473,382 Members | 1,736 Online
Bytes | Software Development & Data Engineering Community
Post Job

Home Posts Topics Members FAQ

Join Bytes to post your question to a community of 473,382 software developers and data experts.

Compressing data with lots of reoccurring streams of consecutive zero bits

Hi there.

First of, this is only for the fun of it, and I have no illusions that it will ever lead anywhere. I simply want to learn and have fun while doing it.
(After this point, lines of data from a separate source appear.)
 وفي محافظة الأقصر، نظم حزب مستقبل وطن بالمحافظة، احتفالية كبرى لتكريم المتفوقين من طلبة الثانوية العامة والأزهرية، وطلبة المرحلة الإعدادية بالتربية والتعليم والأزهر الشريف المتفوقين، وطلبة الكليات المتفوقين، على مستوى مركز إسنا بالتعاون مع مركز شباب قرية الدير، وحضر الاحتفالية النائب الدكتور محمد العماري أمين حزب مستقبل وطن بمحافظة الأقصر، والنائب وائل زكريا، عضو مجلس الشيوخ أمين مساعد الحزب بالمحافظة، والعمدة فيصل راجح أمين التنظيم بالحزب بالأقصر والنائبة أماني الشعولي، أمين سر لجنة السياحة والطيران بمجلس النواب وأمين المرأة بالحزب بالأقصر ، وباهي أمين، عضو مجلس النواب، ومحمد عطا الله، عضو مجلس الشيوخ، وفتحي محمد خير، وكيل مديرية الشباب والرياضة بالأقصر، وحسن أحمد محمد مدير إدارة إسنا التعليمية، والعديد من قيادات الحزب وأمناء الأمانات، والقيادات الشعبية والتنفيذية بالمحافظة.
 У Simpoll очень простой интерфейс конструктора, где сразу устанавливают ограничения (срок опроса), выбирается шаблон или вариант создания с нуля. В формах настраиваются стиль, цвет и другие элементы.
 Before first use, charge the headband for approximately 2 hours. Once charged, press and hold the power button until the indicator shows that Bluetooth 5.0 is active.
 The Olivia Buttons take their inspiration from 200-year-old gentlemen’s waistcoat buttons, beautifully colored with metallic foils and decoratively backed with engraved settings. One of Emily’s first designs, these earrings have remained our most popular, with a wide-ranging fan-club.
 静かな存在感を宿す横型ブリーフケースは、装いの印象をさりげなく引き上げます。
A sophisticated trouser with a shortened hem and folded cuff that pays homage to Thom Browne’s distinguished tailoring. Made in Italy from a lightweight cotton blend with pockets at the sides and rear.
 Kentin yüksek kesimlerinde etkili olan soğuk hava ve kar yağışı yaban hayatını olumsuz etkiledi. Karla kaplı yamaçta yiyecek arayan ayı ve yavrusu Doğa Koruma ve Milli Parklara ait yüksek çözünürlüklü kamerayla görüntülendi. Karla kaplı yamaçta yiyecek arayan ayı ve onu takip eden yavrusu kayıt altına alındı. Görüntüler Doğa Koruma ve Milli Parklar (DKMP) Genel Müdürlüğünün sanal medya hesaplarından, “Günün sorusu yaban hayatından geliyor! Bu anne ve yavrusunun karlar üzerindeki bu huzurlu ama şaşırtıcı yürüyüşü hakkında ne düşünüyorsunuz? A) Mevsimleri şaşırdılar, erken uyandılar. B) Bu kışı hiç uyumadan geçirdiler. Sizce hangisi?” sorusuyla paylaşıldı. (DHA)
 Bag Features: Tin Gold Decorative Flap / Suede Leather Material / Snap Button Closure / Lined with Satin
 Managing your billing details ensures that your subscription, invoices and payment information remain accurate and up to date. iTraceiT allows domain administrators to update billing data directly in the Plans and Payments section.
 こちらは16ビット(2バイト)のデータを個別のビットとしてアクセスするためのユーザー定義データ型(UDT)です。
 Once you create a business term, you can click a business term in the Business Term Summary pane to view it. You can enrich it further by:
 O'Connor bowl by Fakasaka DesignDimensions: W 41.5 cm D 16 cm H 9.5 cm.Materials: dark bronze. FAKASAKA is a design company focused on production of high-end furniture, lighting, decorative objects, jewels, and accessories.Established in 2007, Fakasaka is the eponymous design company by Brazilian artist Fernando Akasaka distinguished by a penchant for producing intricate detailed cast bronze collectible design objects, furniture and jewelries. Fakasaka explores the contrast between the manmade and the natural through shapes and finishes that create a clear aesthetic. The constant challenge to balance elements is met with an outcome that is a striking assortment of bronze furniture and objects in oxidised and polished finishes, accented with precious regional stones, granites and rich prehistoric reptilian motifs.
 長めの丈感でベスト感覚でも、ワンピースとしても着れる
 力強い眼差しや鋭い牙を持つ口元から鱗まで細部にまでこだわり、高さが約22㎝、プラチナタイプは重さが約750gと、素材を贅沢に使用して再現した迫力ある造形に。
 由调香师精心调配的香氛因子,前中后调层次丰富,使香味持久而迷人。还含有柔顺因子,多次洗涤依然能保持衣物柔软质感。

So, I've written a small program, which calculates all primes, using a regular home brewed sieve, within the range of 32 bits, the idea being that nothing more is needed to test values within the 64 bit range.

Every odd number from 1 - 2^32 - 1 is represented in a bitset. True if prime and otherwise false.

The data however takes up 256 mb of memory. This admittedly is hard to do anything about, but compressing and storing the data on disk is of course another matter entirely.

I've been thinking long and hard about the most efficient method of doing so, and have literally spend hours searching for common patterns and all that.

In the end though, only one approach seems to make sense. The thing is that the data contains a whole lots of long strings of zeros (that is bits not characters), all in all taking up around 231 mb of space, in some 230 million intervals.

This has to be hugely compressible, but I simply know way too little about the subject and don't really know where to start.

I'm currently considering some form of compound Hoffman coding, but I'm not entirely sure it's the right approach, and not sure at all how to implement it. I have however generated a list of stream of consecutive zeros and how often they occur, and I think it makes sense.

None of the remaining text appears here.